Karube I, Nakamoto Y, Namba K, Suzuki S
Biochim Biophys Acta. 1976 May 13;429(3):975-81. doi: 10.1016/0005-2744(76)90342-9.
(1) Urease (EC 3.5.1.5.) was modified with beta-1-[3,3-dimethyl-6'-nitrospiro-(indoline-2,2'-2H-benzopyrene)] propionic anhydride. Three amino acid residues of urease were modified by the anhydride at a molar ratio of 2000. (2) The activity of modified urease was decreased with ultraviolet irradiation and then restored to the initial activity with visible light irradiation. (3) Modified urease was used to prepare a urease-collagen membrane. The apparent Michaelis constant (Km) of the modified urease-collagen membrane ultraviolet light was identical to that of the membrane under visible light. (4) The optimum pH of the modified urease-collagen membrane was displaced toward lower pH values with ultraviolet irradiation. At higher ionic strength, the pH activity curve of the membrane was displaced toward higher pH values. (5) The thermostability of urease was increased with its modification.
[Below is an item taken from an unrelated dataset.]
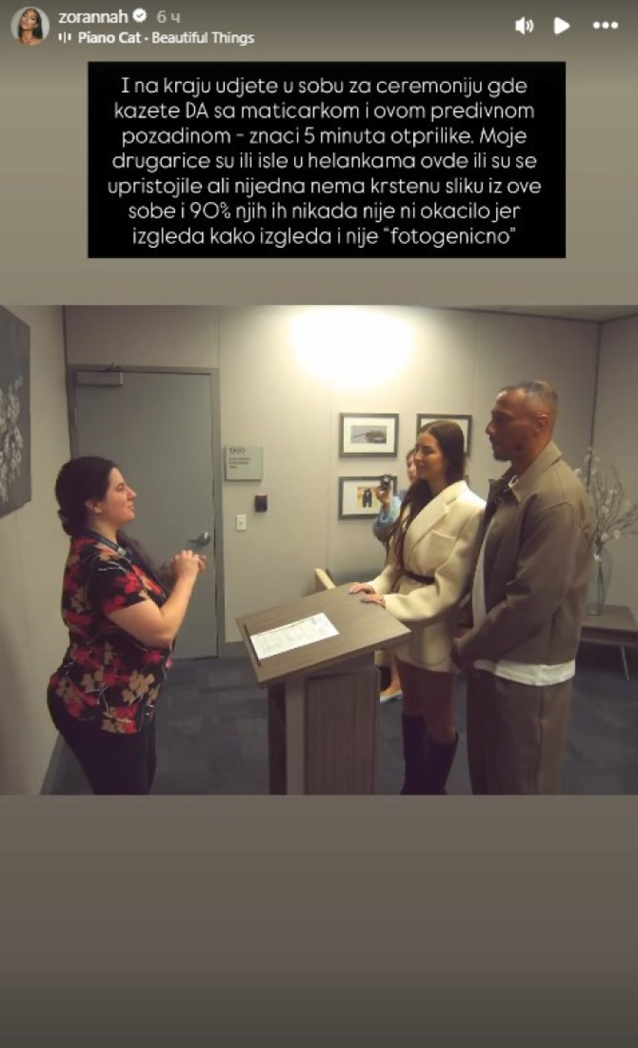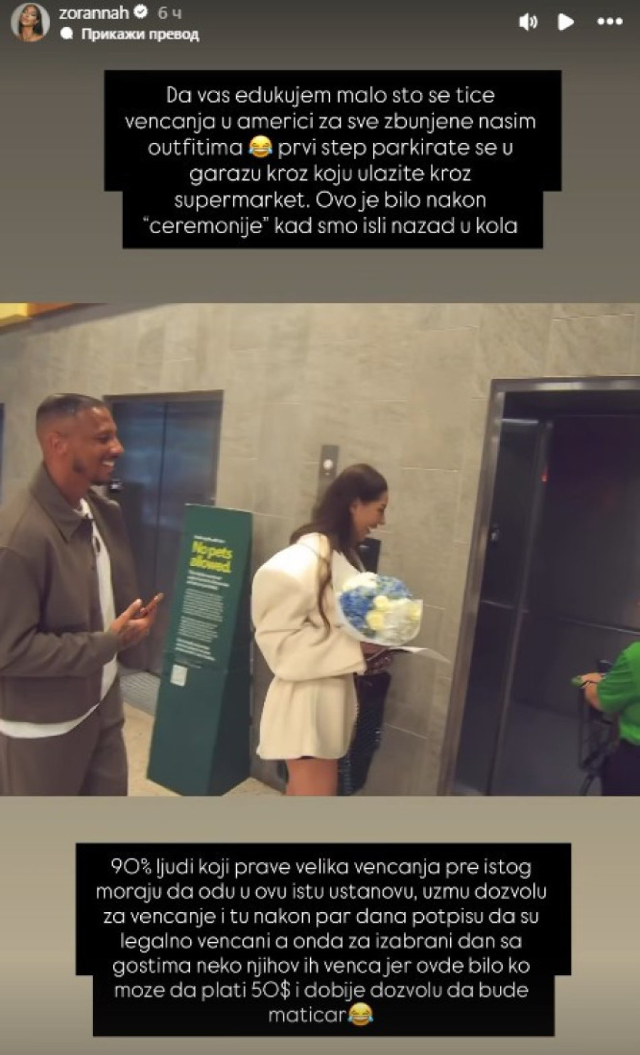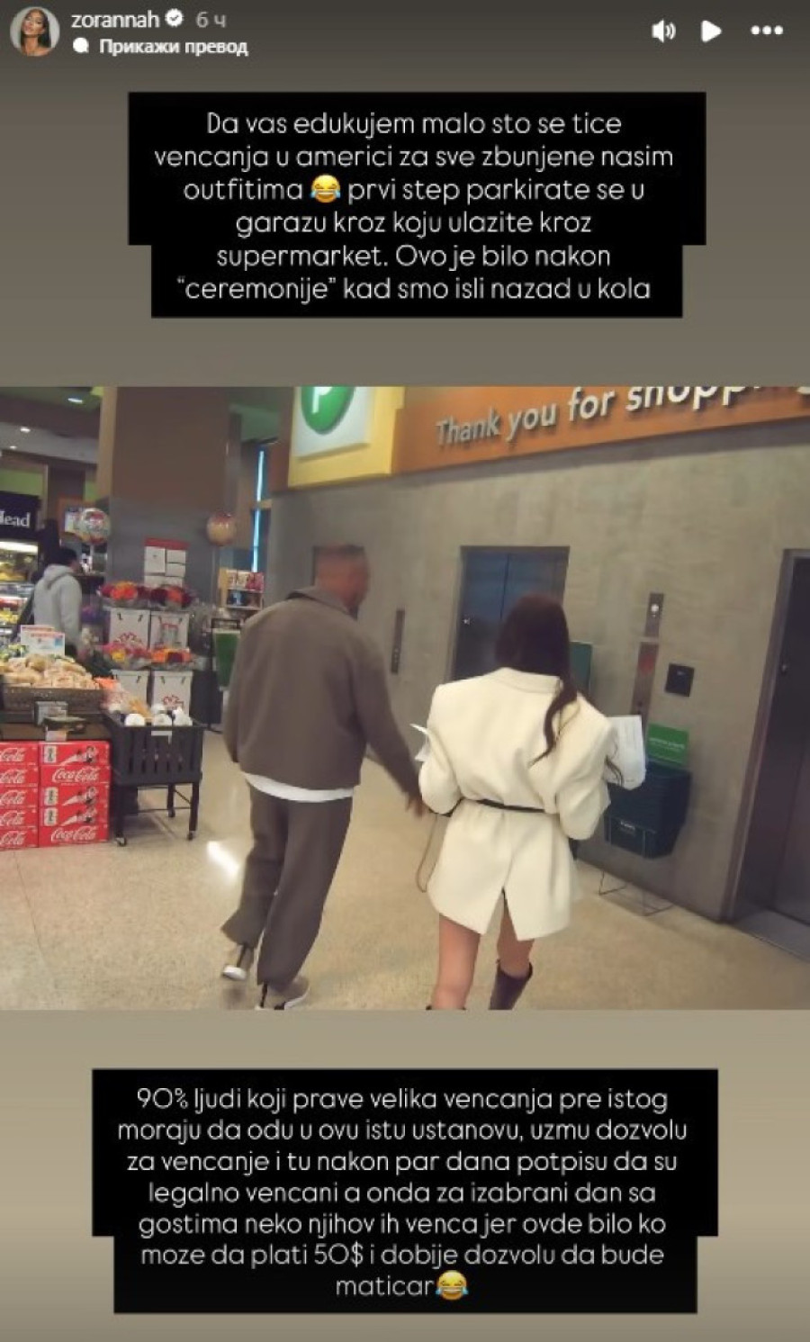 - Da vas malo edukujem, što se tiče venčanja u Americi, za sve zbunjene našim autfitima. Prvi korak je parkiranje u garažu, kroz koju ulazite kroz supermarket. Ovo je bilo nakon "ceremonije", kada smo išli nazad u kola. Devedeset odsto ljudi koji prave velika venčanja pre istog moraju da odu u ovu istu ustanovu, uzmu dozvolu za venčanje i tu, nakon par dana, potpišu da su legalno venčani, a onda, za izabrani dan sa gostima, neko njihov ih venča, jer ovde bilo ko može da plati 50 dolara i dobije dozvolu da bude matičar - počela je ona u okviru svojih "storija".

(1) 脲酶(EC 3.5.1.5.)用β-1-[3,3-二甲基-6'-硝基螺-(吲哚啉-2,2'-2H-苯并芘)]丙酸酐进行修饰。脲酶的三个氨基酸残基以2000的摩尔比被该酸酐修饰。(2) 修饰后的脲酶活性经紫外线照射降低,然后经可见光照射恢复到初始活性。(3) 用修饰后的脲酶制备了脲酶-胶原膜。修饰后的脲酶-胶原膜在紫外光下的表观米氏常数(Km)与在可见光下该膜的表观米氏常数相同。(4) 修饰后的脲酶-胶原膜的最适pH值经紫外线照射向较低pH值偏移。在较高离子强度下,该膜的pH-活性曲线向较高pH值偏移。(5) 脲酶经修饰后热稳定性增强。